» Records supplied:

____________________

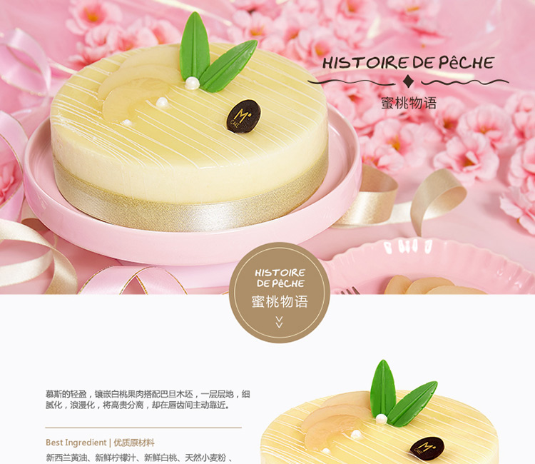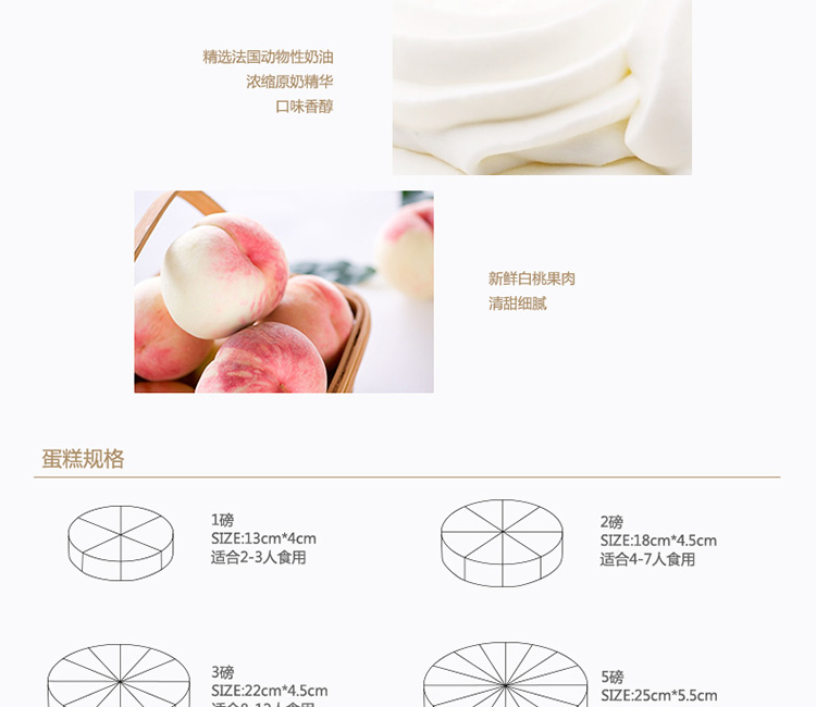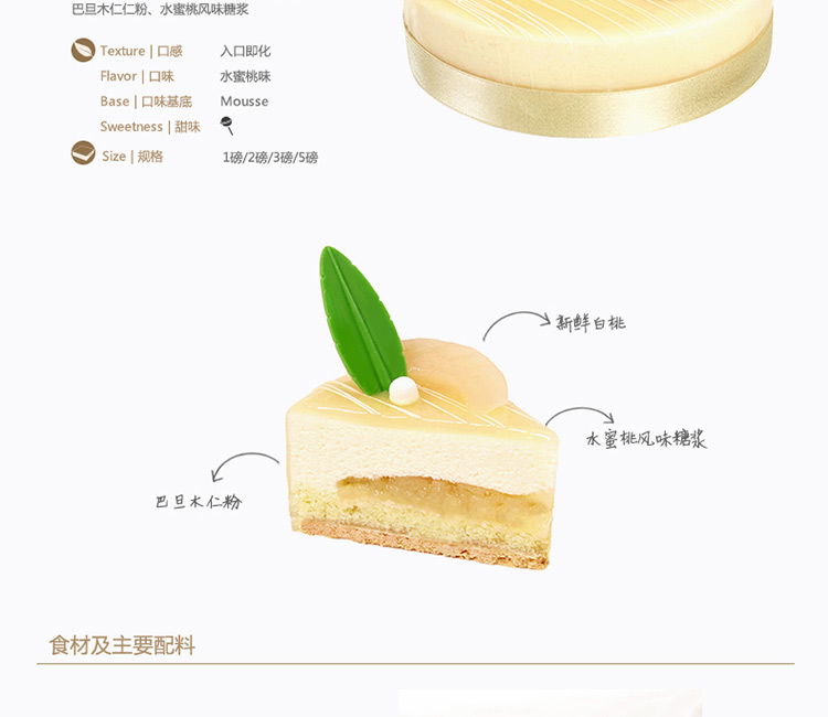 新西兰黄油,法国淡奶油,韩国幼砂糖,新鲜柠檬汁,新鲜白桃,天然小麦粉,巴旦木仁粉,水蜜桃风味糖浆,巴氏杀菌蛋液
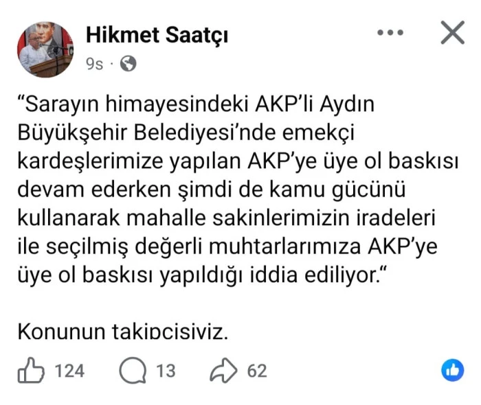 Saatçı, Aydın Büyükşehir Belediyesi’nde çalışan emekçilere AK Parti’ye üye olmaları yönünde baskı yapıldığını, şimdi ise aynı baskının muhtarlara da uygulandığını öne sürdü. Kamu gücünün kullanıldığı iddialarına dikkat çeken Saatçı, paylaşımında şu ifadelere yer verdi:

____________________

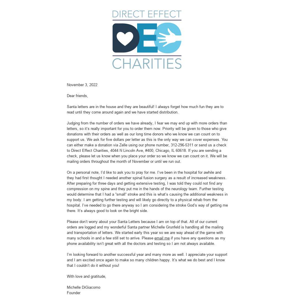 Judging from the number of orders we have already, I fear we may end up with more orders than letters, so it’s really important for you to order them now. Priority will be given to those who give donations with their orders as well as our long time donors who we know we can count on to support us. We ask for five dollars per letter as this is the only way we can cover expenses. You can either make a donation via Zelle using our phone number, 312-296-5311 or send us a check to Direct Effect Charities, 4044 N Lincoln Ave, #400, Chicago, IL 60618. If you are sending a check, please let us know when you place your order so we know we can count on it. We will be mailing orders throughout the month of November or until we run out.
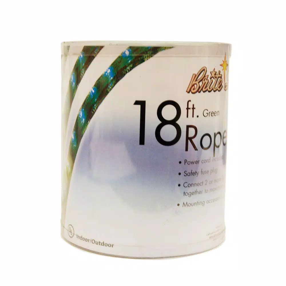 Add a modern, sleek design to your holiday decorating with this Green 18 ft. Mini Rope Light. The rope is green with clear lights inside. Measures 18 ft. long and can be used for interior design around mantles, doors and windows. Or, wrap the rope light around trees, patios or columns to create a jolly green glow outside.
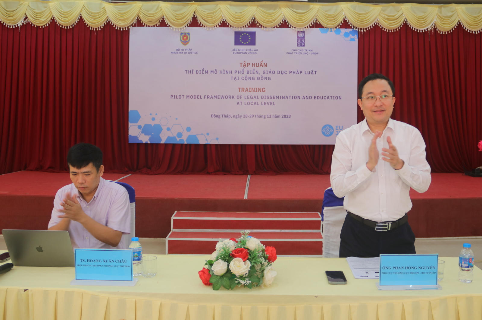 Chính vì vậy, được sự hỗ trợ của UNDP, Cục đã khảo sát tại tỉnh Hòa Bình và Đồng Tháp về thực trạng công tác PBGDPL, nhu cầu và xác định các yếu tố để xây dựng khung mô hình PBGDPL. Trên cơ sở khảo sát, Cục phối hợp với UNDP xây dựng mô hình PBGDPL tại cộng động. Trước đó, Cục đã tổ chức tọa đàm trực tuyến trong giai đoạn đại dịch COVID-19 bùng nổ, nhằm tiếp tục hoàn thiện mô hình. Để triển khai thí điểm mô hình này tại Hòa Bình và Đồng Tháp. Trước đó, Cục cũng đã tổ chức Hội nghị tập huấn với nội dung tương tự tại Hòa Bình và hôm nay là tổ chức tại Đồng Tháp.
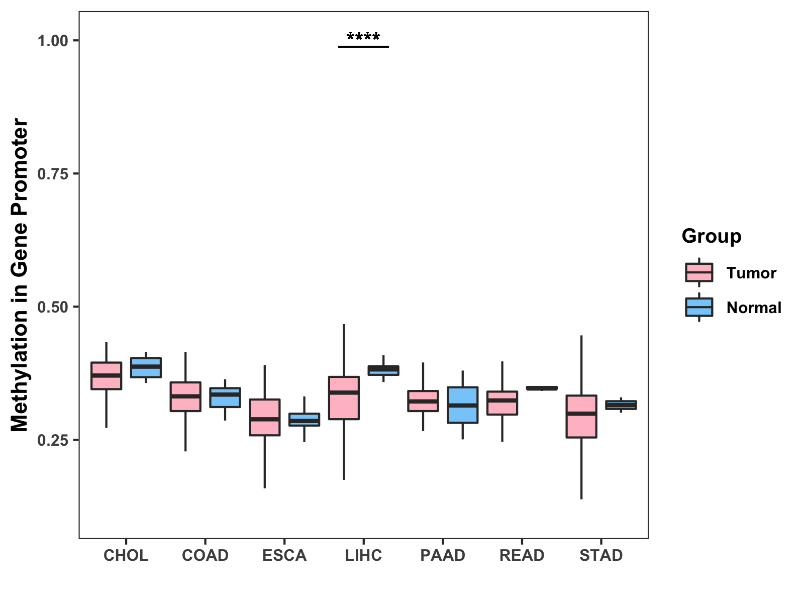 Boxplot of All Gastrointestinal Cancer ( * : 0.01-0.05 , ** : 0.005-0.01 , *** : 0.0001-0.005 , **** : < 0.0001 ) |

____________________

» Work instruction: What should come back is an exact copy of the lines above from the line with "Add a modern, sleek" to the line with "Boxplot of All", both included, minus the pictures.

» Answer space:
 Add a modern, sleek design to your holiday decorating with this Green 18 ft. Mini Rope Light. The rope is green with clear lights inside. Measures 18 ft. long and can be used for interior design around mantles, doors and windows. Or, wrap the rope light around trees, patios or columns to create a jolly green glow outside.
 Chính vì vậy, được sự hỗ trợ của UNDP, Cục đã khảo sát tại tỉnh Hòa Bình và Đồng Tháp về thực trạng công tác PBGDPL, nhu cầu và xác định các yếu tố để xây dựng khung mô hình PBGDPL. Trên cơ sở khảo sát, Cục phối hợp với UNDP xây dựng mô hình PBGDPL tại cộng động. Trước đó, Cục đã tổ chức tọa đàm trực tuyến trong giai đoạn đại dịch COVID-19 bùng nổ, nhằm tiếp tục hoàn thiện mô hình. Để triển khai thí điểm mô hình này tại Hòa Bình và Đồng Tháp. Trước đó, Cục cũng đã tổ chức Hội nghị tập huấn với nội dung tương tự tại Hòa Bình và hôm nay là tổ chức tại Đồng Tháp.
 Boxplot of All Gastrointestinal Cancer ( * : 0.01-0.05 , ** : 0.005-0.01 , *** : 0.0001-0.005 , **** : < 0.0001 ) |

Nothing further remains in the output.